Here is the graph of $y = sin \, x^2$ for $-180 \leq x \leq 180$ - Edexcel - GCSE Maths - Question 18 - 2018 - Paper 1

Understanding the Transformation: The equation $y = sin \, x^2 - 2$ indicates a vertical shift of the graph of $y = sin \, x^2$ by -2 units. This implies that every point on the original graph will be lowered by 2 units.

Determine Key Points: Start by noting some key values of the original graph. Since $sin \, x^2$ oscillates between -1 and 1, the function $y = sin \, x^2$ achieves its maximum value of 1 at certain points and minimum value of -1 at others. Those transitions will occur periodically based on $x^2$.

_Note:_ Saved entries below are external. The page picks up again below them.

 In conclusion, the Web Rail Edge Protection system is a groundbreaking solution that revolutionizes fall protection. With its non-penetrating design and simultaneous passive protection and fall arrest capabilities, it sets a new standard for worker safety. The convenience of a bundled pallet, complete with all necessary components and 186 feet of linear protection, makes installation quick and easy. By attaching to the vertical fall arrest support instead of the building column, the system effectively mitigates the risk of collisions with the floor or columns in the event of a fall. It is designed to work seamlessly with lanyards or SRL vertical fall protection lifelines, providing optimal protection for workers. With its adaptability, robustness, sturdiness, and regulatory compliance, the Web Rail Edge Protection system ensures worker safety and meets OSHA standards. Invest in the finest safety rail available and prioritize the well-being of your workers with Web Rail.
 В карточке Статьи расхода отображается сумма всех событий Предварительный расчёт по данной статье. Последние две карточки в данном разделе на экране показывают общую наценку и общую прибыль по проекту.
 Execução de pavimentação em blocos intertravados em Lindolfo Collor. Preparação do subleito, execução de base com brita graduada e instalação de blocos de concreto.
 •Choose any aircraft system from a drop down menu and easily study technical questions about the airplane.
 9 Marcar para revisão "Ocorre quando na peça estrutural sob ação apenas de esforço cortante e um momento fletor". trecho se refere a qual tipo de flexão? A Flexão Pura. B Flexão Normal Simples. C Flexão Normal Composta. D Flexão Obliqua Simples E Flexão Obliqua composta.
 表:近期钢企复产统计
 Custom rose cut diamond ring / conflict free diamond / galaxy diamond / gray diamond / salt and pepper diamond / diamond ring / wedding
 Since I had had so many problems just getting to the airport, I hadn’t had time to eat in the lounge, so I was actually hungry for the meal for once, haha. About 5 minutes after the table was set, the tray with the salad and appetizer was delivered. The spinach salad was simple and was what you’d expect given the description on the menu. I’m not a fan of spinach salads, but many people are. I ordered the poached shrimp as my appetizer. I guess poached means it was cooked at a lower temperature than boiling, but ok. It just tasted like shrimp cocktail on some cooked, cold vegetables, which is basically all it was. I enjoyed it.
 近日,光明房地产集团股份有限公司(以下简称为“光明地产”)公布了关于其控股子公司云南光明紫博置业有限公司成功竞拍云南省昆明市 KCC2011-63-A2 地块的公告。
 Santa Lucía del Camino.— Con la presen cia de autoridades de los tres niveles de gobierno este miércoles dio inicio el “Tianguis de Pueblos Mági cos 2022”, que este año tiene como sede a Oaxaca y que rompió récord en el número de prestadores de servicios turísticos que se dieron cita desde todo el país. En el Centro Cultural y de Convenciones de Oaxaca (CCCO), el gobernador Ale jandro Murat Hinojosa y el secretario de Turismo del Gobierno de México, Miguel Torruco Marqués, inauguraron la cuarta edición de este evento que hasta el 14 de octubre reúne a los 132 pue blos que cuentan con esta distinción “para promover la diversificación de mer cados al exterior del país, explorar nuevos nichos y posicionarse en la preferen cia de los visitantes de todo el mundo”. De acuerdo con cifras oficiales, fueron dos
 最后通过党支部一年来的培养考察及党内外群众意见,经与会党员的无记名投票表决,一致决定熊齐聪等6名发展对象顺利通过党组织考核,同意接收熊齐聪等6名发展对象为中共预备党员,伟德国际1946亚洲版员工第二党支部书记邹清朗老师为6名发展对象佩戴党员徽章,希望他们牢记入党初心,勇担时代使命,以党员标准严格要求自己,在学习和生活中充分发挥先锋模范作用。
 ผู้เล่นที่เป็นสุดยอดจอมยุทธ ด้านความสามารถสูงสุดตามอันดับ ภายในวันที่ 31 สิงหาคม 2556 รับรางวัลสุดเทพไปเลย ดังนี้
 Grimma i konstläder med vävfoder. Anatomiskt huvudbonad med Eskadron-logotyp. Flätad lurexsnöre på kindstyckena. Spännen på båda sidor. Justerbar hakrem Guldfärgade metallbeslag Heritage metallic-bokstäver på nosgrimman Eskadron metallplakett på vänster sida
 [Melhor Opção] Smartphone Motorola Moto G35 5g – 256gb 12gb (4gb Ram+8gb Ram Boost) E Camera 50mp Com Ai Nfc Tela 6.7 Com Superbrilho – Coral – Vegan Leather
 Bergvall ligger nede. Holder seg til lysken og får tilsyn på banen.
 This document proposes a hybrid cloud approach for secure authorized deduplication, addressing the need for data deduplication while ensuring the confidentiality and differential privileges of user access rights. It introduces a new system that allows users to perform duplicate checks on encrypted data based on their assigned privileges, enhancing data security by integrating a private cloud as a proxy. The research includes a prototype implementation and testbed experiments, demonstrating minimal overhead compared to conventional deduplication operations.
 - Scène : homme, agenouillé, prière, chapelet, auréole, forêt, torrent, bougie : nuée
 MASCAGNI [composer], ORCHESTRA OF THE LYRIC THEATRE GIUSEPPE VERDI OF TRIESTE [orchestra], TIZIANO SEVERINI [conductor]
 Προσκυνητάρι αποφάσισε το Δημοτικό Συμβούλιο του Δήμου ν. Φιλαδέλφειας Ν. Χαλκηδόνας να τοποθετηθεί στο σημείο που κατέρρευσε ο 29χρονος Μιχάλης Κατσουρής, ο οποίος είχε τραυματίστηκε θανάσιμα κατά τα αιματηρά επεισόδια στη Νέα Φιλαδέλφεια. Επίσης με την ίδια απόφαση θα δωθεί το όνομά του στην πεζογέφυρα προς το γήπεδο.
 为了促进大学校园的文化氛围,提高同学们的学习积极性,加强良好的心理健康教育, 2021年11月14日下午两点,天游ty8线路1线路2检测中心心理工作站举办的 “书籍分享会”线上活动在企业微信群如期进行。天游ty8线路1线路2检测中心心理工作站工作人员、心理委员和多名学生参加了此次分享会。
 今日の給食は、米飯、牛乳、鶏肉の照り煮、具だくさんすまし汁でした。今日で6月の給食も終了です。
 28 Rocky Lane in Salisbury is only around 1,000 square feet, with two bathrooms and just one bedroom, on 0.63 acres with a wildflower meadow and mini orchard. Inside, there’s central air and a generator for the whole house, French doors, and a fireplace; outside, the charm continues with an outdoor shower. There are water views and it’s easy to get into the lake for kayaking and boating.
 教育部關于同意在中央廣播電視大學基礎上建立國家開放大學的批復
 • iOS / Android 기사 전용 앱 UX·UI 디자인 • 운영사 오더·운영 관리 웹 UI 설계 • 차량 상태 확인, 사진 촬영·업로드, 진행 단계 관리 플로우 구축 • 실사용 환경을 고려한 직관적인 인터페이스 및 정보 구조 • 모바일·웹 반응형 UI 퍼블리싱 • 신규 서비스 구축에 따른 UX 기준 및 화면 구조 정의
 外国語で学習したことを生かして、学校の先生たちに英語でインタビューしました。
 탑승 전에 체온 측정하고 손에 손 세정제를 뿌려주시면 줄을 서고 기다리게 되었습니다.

Shifting the Graph: By lowering the entire graph of $y = sin \, x^2$ by 2 units, the maximum point will now be at $y = 1 - 2 = -1$ and the minimum will be at $y = -1 - 2 = -3$.

Plotting the New Points: Begin plotting the new key points across the interval $-180 \leq x \leq 180$. Use known values of $x$ for which $x^2$ is a multiple of $\frac{\pi}{2}$ to find the corresponding points on the original and transformed graphs.

Final Sketch: Finally, connect these key points smoothly, maintaining the sinusoidal nature of the graph while ensuring that the entire graph is presented below the y-axis since the maximum is at -1 and the minimum at -3.